→ GIVEN INFORMATION
###

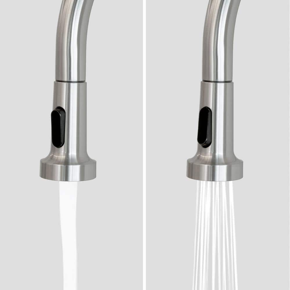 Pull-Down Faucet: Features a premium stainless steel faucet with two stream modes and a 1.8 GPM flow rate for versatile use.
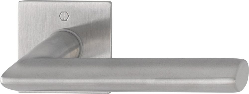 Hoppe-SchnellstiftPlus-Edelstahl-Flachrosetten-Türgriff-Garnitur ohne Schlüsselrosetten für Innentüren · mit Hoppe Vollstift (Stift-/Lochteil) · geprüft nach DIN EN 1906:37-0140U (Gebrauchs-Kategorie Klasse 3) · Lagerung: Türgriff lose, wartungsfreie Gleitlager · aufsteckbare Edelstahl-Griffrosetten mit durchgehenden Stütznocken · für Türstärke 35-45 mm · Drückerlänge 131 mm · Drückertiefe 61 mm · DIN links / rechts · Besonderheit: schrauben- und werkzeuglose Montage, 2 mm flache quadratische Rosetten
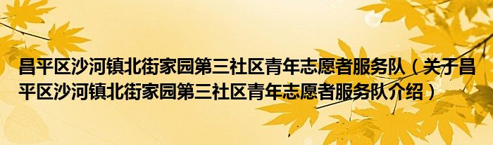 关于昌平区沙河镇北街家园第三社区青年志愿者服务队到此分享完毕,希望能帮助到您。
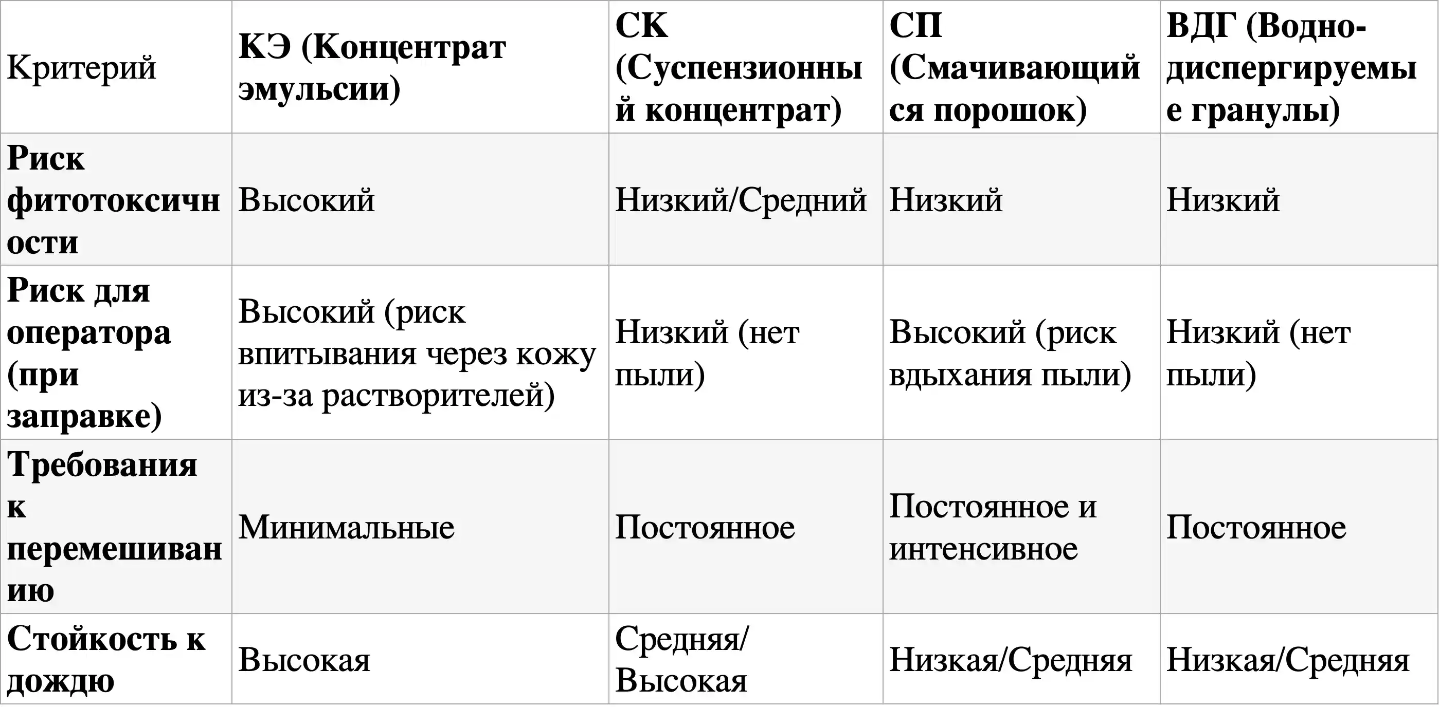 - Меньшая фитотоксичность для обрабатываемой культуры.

###

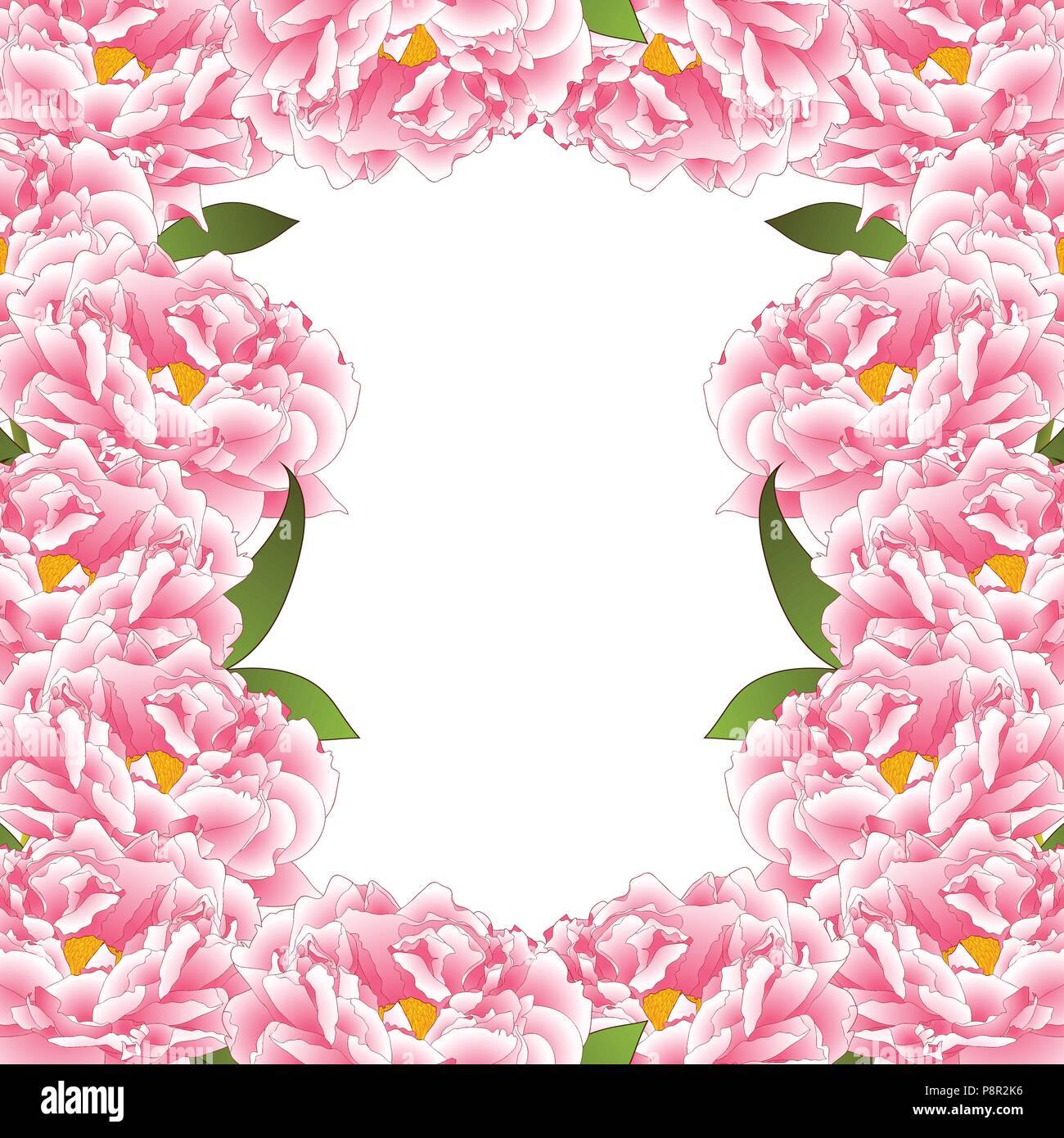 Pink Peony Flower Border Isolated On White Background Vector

###

→ INSTRUCTIONS FOR THE TASK
Print everything from the line with "关于昌平区沙河镇北街家园第三社区青年志愿者服务队到此分享完毕,希望能帮助到您。" down to the line with "- Меньшая фитотоксичность" in the entries above, both lines included and nothing more, without the pictures.

→ ANSWER SPACE
 关于昌平区沙河镇北街家园第三社区青年志愿者服务队到此分享完毕,希望能帮助到您。
 - Меньшая фитотоксичность для обрабатываемой культуры.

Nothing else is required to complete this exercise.